Local clinicians who treat this sort of behavior say 'yes, people accused of what Filner's accused of can change.' But they question whether Filner's actions are actually driven by a psychological disorder.

Elizabeth Becker designed the Professional Boundaries track for UCSD's PACE Program. It's set up for doctors who've done inappropriate things in the workplace, including sexual harassment.

Photo credit: City of San Diego

Mayor Bob Filner addresses allegations of sexual harassment in a video.

With the caveat that she can't diagnose Filner from afar, Becker said there's currently no reason to think the mayor's behavior stems from mental illness.

"He may be a guy who just doesn't get it," she said. "And it's an abuse of his authority and it's an abuse of his power. But that doesn't mean it's psychopathology. It means he could just be a jerk."

So terms like "addiction" and "rehab" — invoked in many outlets since Filner's Friday press conference — don't necessarily apply here.

Contrasting Filner with Anthony Weiner, the New York City mayoral candidate who continued sending sexually explicit online messages to young women even after resigning from Congress amidst a sexting scandal, Becker said Weiner's behavior is more suggestive of psychological problems.

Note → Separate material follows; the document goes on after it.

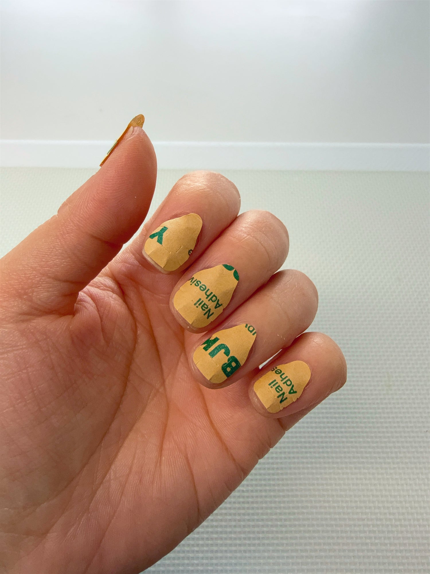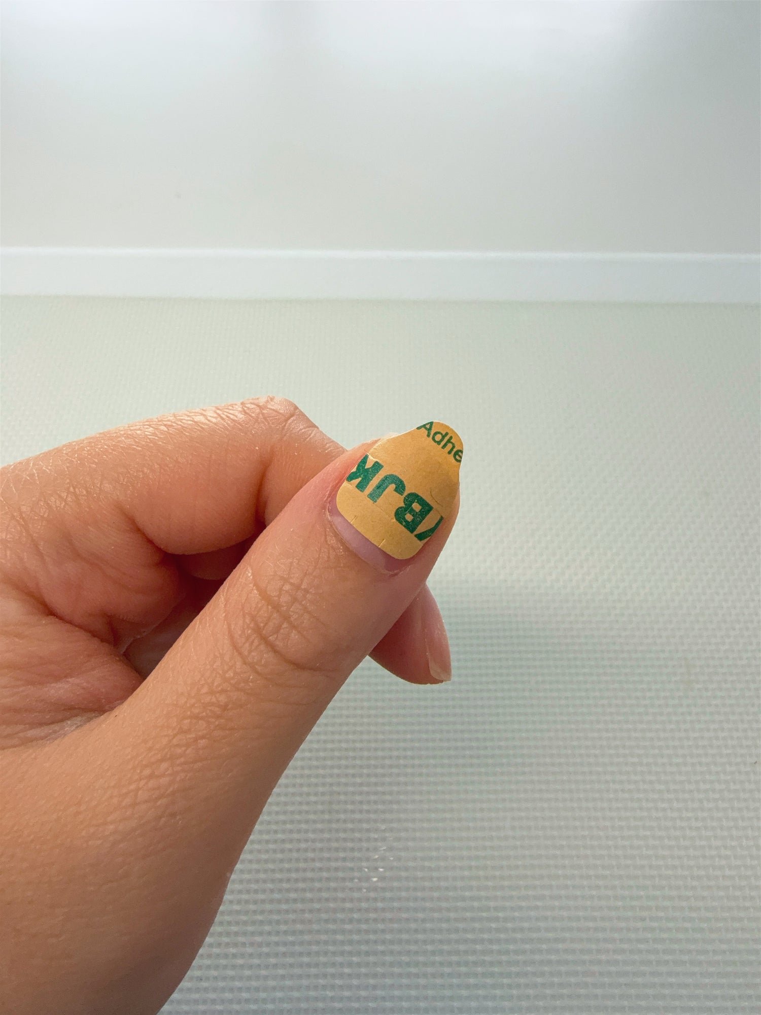 If you have a nail (or nails) that are curved from the cuticle line to the tip of your nail, you can cut an unused sticky tab.

"Even after he got into trouble and removed himself from office, he continued this behavior," said Becker.

Some scientists believe that sex isn't something people can be addicted to.

If Filner doesn't suffer from any kind of psychological disorder, Becker thinks two weeks of full-time counseling might not be the most fitting course of treatment.

"If he just needs education, then that doesn't need to be done on an inpatient basis," she said.

"I certainly have not heard anything yet that would make me think he's a sex addict or addicted to anything in particular," said Dr. William Norcross, who currently oversees the PACE program.

Norcross has seen people change this kind of behavior after treatment. But only when they're personally committed and strongly motivated. Even then, it takes time.

"It's unlikely to be two weeks and you're done," said Norcross. "He's going to have follow-up. And, in fact, the follow-up might be the most important part of the program."

Filner has stated that he plans to receive ongoing counseling.

Both Becker and Norcross said patients make the most improvement when they leave work behind to focus on their treatment. Filner said he'll continue handling city business during therapy.